Paul’s critics pretend that U.S. aid to Israel serves American security interests, rather than reflecting ideological sympathy. And they confuse sympathy with check-writing.
The well-spring of U.S. support for Israel has long been ideology, not self-help. During the Cold War, the United States had two main security interests in the Middle East. First, we wanted to prevent the Soviet Union from gaining control of oil fields and using the export earnings to build its military. In retrospect, there was never much of a threat that Gulf States would succumb to Soviet domination. But in 1948 that prospect concerned James Forrestal and George Marshall, the secretaries of defense and state, enough to advise President Truman against recognizing Israel. Similar fears constrained U.S. support for Israel throughout the Cold War. Second, we wanted to avoid political instability that would cause an oil price shock and economic damage here. We never had much ability to control events in the Middle East, but aligning with Israel certainly did not help.
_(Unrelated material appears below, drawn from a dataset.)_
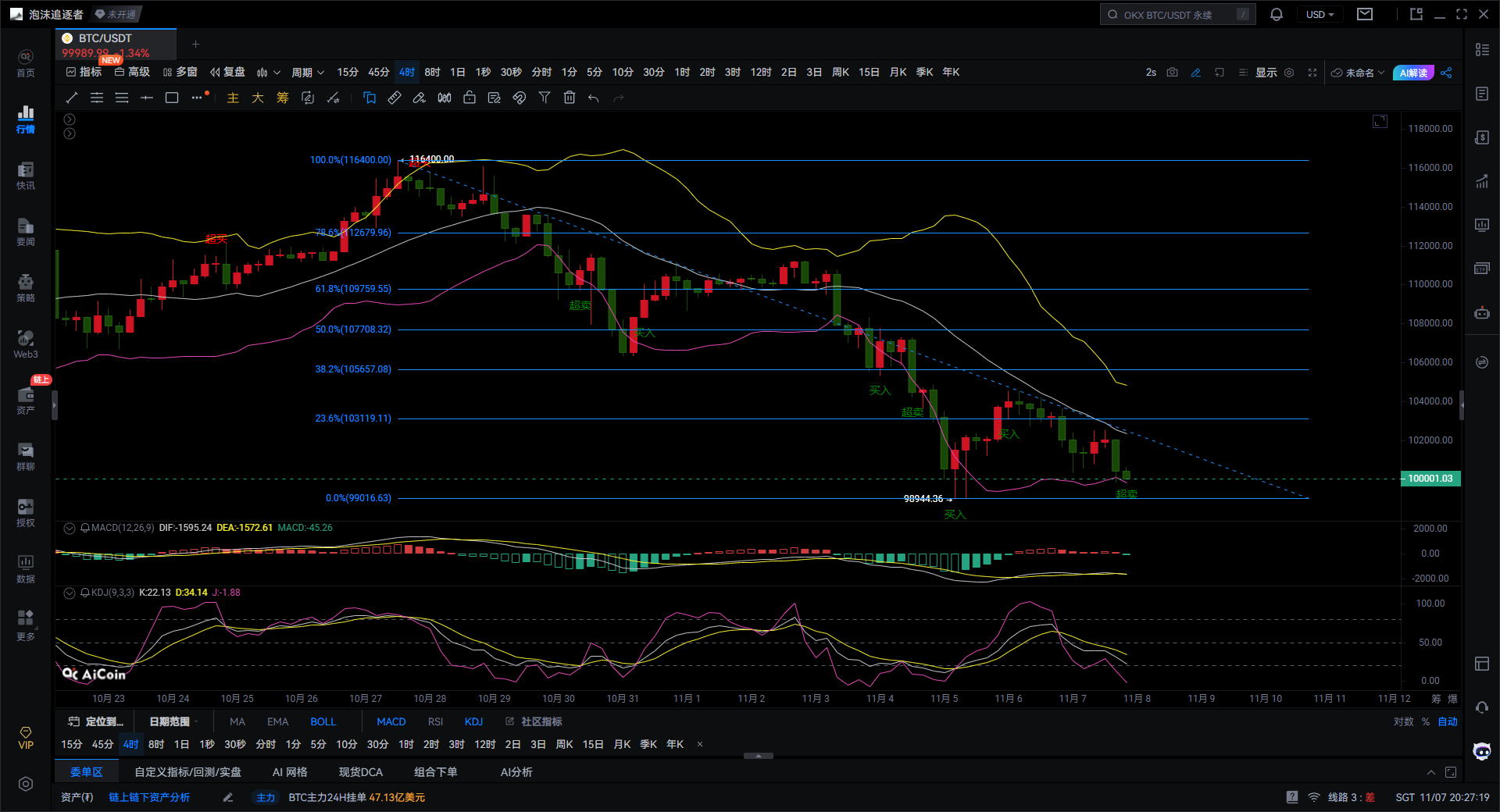 综合分析,短期1到3天内,价格多次测试99000美元支撑未破,下跌动能衰竭,MACD和KDJ指标显示反弹可能,目标依次为103000和105500。若放量突破105500,可挑战107000趋势线。中期3到7天,若反弹无力突破105000至10600元的下降趋势线,行情将维持震荡筑底。若跌破99000支撑,可能下探97000至95000区间。

After the 1979 Camp David accords, codifying peace between Egypt and Israel, U.S. aid to Israel was supposed to reward peace. But the notion that American largesse, rather than Israeli security concerns, kept Israel from going to war with Egypt was always dubious. And relations between those states have minimal impact on American security. Peace there serves our moral sensibilities, not our safety.
In recent years, U.S. military aid to Israel has become even less tethered to a strategic rationale. The Israelis know that our domestic politics prevents us from trading aid for concessions to Palestinians. So they take our money but not our advice. What our spending does buy is ill will among Palestine’s supporters, including jihadist terrorists. If we did not fund Israel, terrorists would not suddenly love Americans, but it might make some of them less inclined to kill us.
If US foreign policy were based on security alone, we would have cut Israel off long ago. But, sensibly, we are ideological. A rough history, especially the Holocaust, made Jews, including American Jews, believe in the necessity of a Jewish state. Americans in general identify with that plight and support a plucky democracy against aggressive illiberal enemies.
We can have an ideological policy towards Israel because the security stakes there are low. It is useful when US policies win friends in the Middle East but hardly crucial to our welfare. Outrage at Israel does not stop Gulf States from shipping oil at market prices these days. And though no one puts it this way, Americans are not nuts to risk a little more terrorism to support Israel. For most of us, terrorism is not a major risk.
The problem with aiding Israel is not that we are being ideological. We can afford that. The problem is that Israel no longer needs our charity. Israel’s backers in Washington talk like it is 1948, when Israel was poor and surrounded by aggressive neighbors. Even in 1970 Israel had almost ten times more GDP per capita than either Egypt or Syria, according to UN statistics. Today Israel has calmer borders, and its vibrant technology sector increases its military superiority over its rivals (Paul says our aid is fueling an Egyptian-Israeli arms race, but Egypt quit racing). Without our three billion dollars in aid, Israel’s military budget would still be more than three times that of Lebanon and Syria combined and more than Iran’s. And that ignores Israel’s qualitative military superiority and its nuclear weapons, which deter attack.
Senator Paul is right that it is time to stop treating Israel like a perpetual ward, issuing it subsidies and instructions it ignores. If Israel faced conquest, we would be right to defend it. But we should do our friends the favor of acknowledging that they have the ability to prevent that without our help.